Das Gesetz über digitale Dienste steht im Kontext der politischen Leitlinien der Kommission von der Leyen I.[1] Dabei soll der bestehende Rechtsrahmen der Europäischen Union aktualisiert werden, insbesondere die im Jahr 2000 verabschiedete Richtlinie über den elektronischen Geschäftsverkehr. Es geht darum, künstliche Intelligenz, Finanzen und digitale Plattformen besser zu regulieren, um Akteuren die Möglichkeit zu geben, innovativ zu sein und zu wachsen und um eine bessere Sicherheit für Internetnutzer zu ermöglichen.
Als Kandidatin für die Präsidentschaft der Europäischen Kommission schlug Ursula von der Leyen daher „neues Gesetz über digitale Dienstleistungen“ vor. Die EU-Kommission sah insbesondere nach dem Inkrafttreten des deutschen Netzwerkdurchsetzungsgesetzes Probleme in der Regulierung des digitalen Binnenmarktes, sodass eine gemeinsame Regulierung für die Moderation von strafbaren Inhalten durch Plattformunternehmen geschaffen werden sollte.[7]
Laut Thierry Breton, EU-Kommissar für den Binnenmarkt, werde „das Internet in vielen Fällen als ein rechtsfreier Raum missverstanden.“[8] Es gehe bei dem Gesetz darum, dass Europa die Kontrolle über die digitalen Plattformen zurückgewinnt. „Das EU-Parlament und die Kommission machen die Regeln“, sagte der Franzose. „Es wird hier eine Gerichtsbarkeit geben, einen Richter.“[8] Wenn sich ein Unternehmen nicht an die Regeln halte, werden es „bis zu zehn Prozent der Umsätze als Strafe abgeben müssen“. Das Prinzip des Gesetzes sei dabei einfach: „Sachen, die man in echt nicht sagen darf, darf man auch im Netz nicht sagen.“ Niemand habe das Recht, zu beleidigen, Antisemitismus, Kinderpornografie, oder Todesdrohungen zu verbreiten oder Drogen zu verkaufen, alle illegalen Inhalte müssen entfernt werden. Breton forderte deshalb „die gleichen Strafen, ob online oder auf der Straße“.[8][9]
Das Gesetz über digitale Dienste und das Gesetz über digitale Märkte sind die beiden Bestandteile eines Gesetzespaketes „Digitale Dienste“, zur Regulierung des digitalen Raums in Europa.[2]

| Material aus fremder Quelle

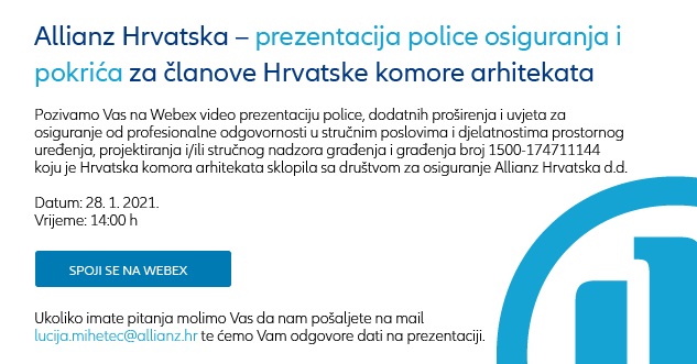 Hrvatska komora arhitekata u suradnji s Allianz Hrvatska u sklopu Programa stručnog usavršavanja
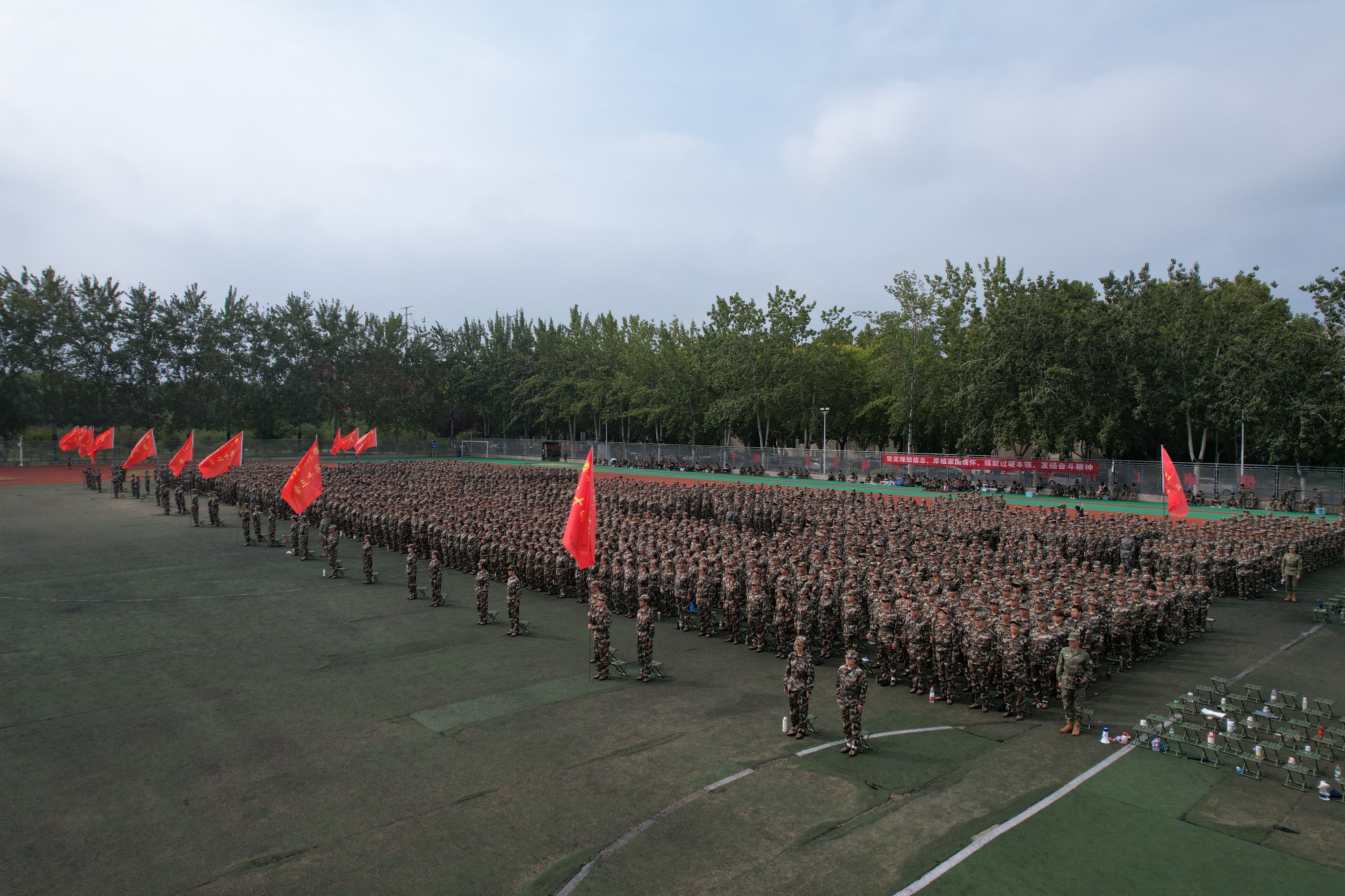 党委(院长)办公室、学生工作处、后勤管理与基建处、安全保卫处、校团委等部门和各二级学院党委书记,军训教导员、营长、新生辅导员及2025级全体参训学生参加了大会。
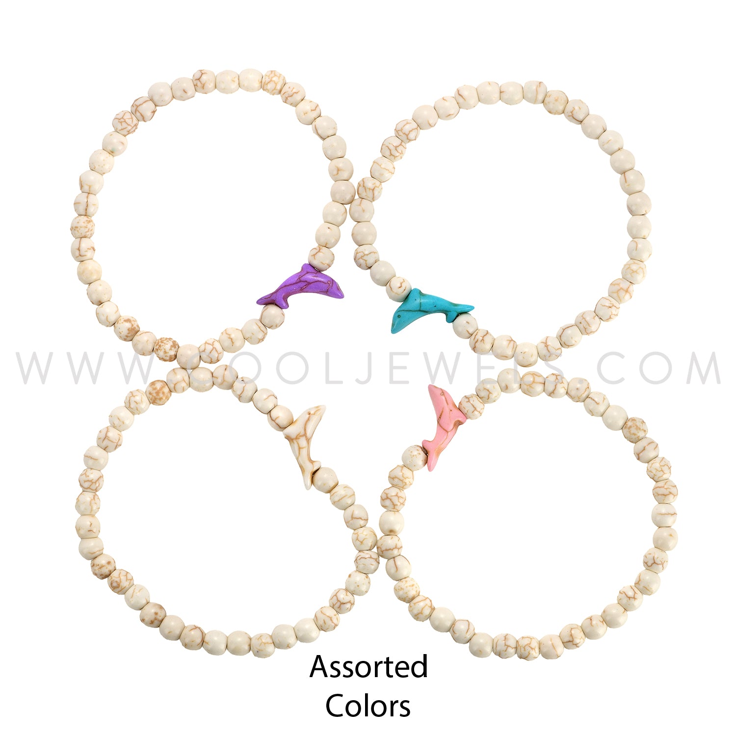 DOUBLE ELASTIC STRETCH BRACELETS WITH STONE BEADS & DOLPHIN PENDANT ASSORTMENT - CARDED
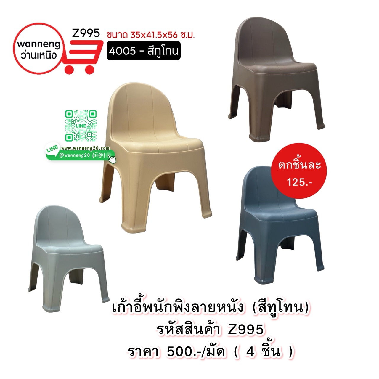 Z995 เก้าอี้พนักพิงลายหนัง สีทูโทน 4005 1 มัด 4 ชิ้น
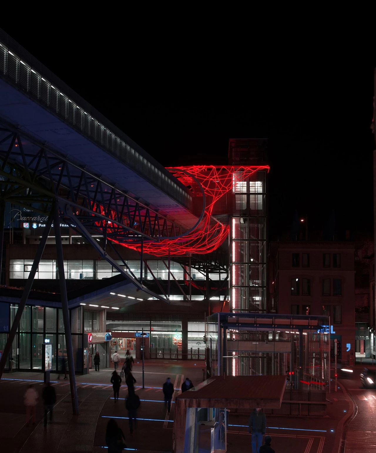 Flux Cocoon是为洛桑市首届lumières灯展设计建造的,是洛桑城市灯光节上的获奖项目之一,由Allegory设计,位于市中心一处垂直交通设施和水平设施的交汇处。

Das Gesetz über digitale Dienste wurde von der Europäischen Kommission im Dezember 2020 zusammen mit dem Gesetz über digitale Märkte vorgeschlagen.[10] Beide Verordnungen wurden von Margrethe Vestager, Vizepräsidentin der Europäischen Kommission und verantwortlich für die Förderung eines Europas im digitalen Zeitalter, und von Thierry Breton, dem EU-Kommissar für Binnenmarkt, ausgearbeitet. Beide sind Mitglieder der Kommission von der Leyen I.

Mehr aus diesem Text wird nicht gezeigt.